The Data and Decision Sciences Lab is constantly working with local community partners on several data related projects that have a local and global impact.
Ant Colony Optimization for the Vehicle Routing Problem with Time Windows and Its Application to a Health Insurance Company’s In-Home Visit Scheduler
Community Partner: Medica
Team Members Involved
Many health insurance companies employ a staff of nurses who conduct in-home preventative exams and wellness checks for certain segments of their subscribers. In order to use its nursing staff in the most efficient manner, the company must optimize the overall process of determining which patients each nurse should visit as well as the order in which those visits should occur so that time windows specified by patients are honored.
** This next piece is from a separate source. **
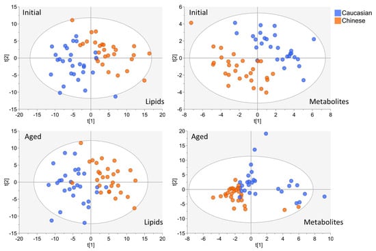 Partial least squares discriminative analysis of both Initial and Aged lipid and metabolite datasets for Ethnicity discrimination (Caucasian vs. Chinese). For each model, participant symbols were colored according to ethnicity (Caucasian blue symbols, Chinese orange symbols).
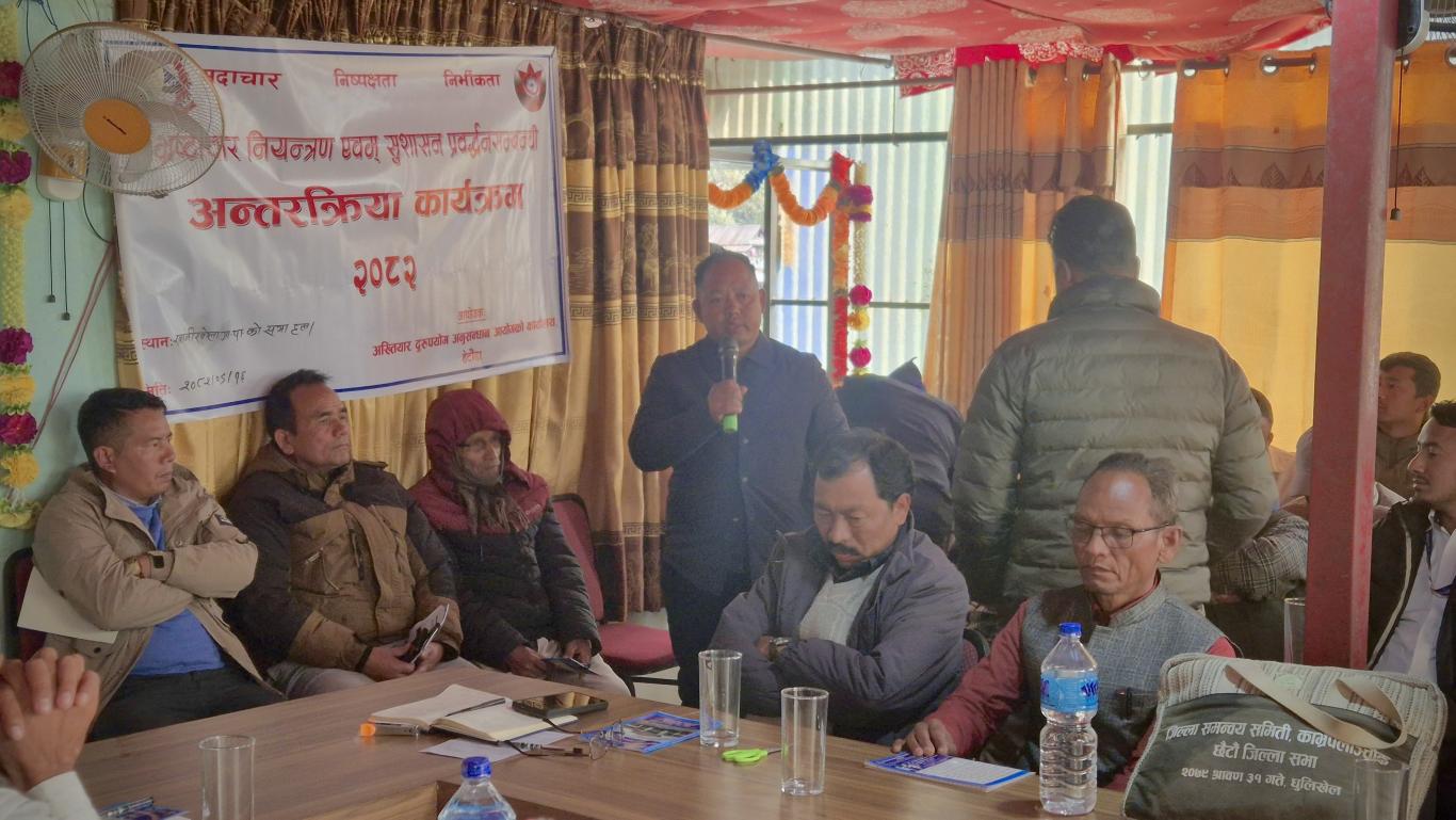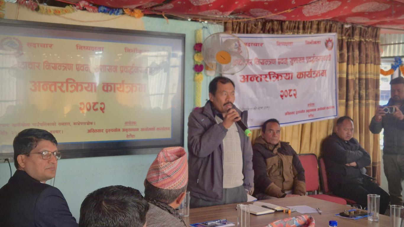 अख्तियार दुरुपयोग अनुसन्धान आयोगको कार्यालय, हेटौंडाको आयोजनामा आज मिति २०८२।०९।१६ गते बुधबारका दिन खानीखोला गाउँपालिकाको सभाहलमा सञ्चालन भएको "भ्रष्टाचार नियन्त्रण एवम् सुशासन प्रवर्द्धन" विषयक अन्तरक्रिया कार्यक्रममा गाउँपालिकाका अध्यक्ष श्री ईन्द्र बहादुर थिङज्यूको आतिथ्यतामा साथै खानीखोला गाउँपालिकाका उपाध्यक्ष श्री दोर्जेमान जिम्बाज्यू र प्रमुख प्रशासकीय अधिकृत श्री राम कुमार तिमल्सेनाज्यूको विशेष उपस्थितिमा तथा गाउँसभाका सदस्यज्यूहरु, विभिन्न वडाका वडाध्यक्षज्यूहरु, गाउँपालिकाका शाखा प्रमुखस्तरका कर्मचारीहरु, गाउँपालिकास्थित माध्यामिक विद्यालयका वि.व्य.स.का अध्यक्षज्यूहरु र प्रधानाध्य

This can be modeled as a Vehicle Routing Problem with Time Windows (VRPTW). Ant Colony Optimization (ACO) is a heuristic method that mimics the natural behavior of ants by using artificial agents who deposit “pheromones” on shorter, better routes and over time are able to find a near optimal solution. This project developed, implemented, and tested a real-time appointment scheduler based on an ACO-VRPTW algorithm. The implementation was done in Python and included a graphical interface to assist with performance tuning and parameter selection. In order to remain HIPAA compliant, data for the scheduler was engineered through the use of Census Data and Google Maps API. Results of testing show that the ACO approach significantly increases the number of appointments that can be scheduled over the current ad hoc approach.